ICCM began with 11 students but this had declined to six by end of the first semester. Enrollment grew to 27 at the beginning of second term 2000/01 and to 66 for the first semester 2001/2002. The enrollment for second semester 2003/4 was 84 and the first semester of 2006/7 it escalated to 125 students.

==Undergraduate program==
ICCM offers a four-year Bachelor of Arts in Theology program that aims to build strong Biblical foundation of faith. It has four major areas to choose from: Ministry, Education, Outreach, and Worship/Music.

==Faculty==
ICCM faculty members are from Christian churches and seminaries abroad, mostly from the US, Australia, the United Kingdom, Brazil, Mexico, Papua New Guinea, Pakistan and India. Some are authors of Christian books and commentaries.
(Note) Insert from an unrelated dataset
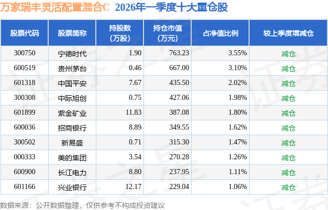 从基金规模来看,万家瑞丰灵活配置混合C基金2026年一季度公布的基金规模为0.11亿元,较上一期规模995.14万元变化了85.2万元,环比变化了8.56%。该基金最新一期资产配置为:股票占净值比93.86%,无债券类资产,现金占净值比6.21%。从基金持仓来看,该基金当季前十大股票仓位达18.97%,第一大重仓股为宁德时代(300750),持仓占比为3.55%。

Each of them has either an earned doctoral degree or expertise in their respective disciplines.

==Academic scholarship==
A grant for academic scholarship is available to those students who excel in academics and exemplify good moral character.

==Working student program==
Students are assigned to work alongside the staff inside the campus. Life skills are being developed among students under the work program. Work is available in places like the library, kitchen, canteen, ground and building. Working students are provided with remuneration to defray partially or totally the cost of their studies at ICCM.

==Facilities==
New building work has been done to remodel existing buildings for the library, computer laboratory, chapel, four classrooms, dining hall, faculty and staff housing, and other facilities. Now, these facilities can conveniently accommodate over 100 students.

As a boarding school, students are generally obliged to live in campus dormitories managed by dorm managers.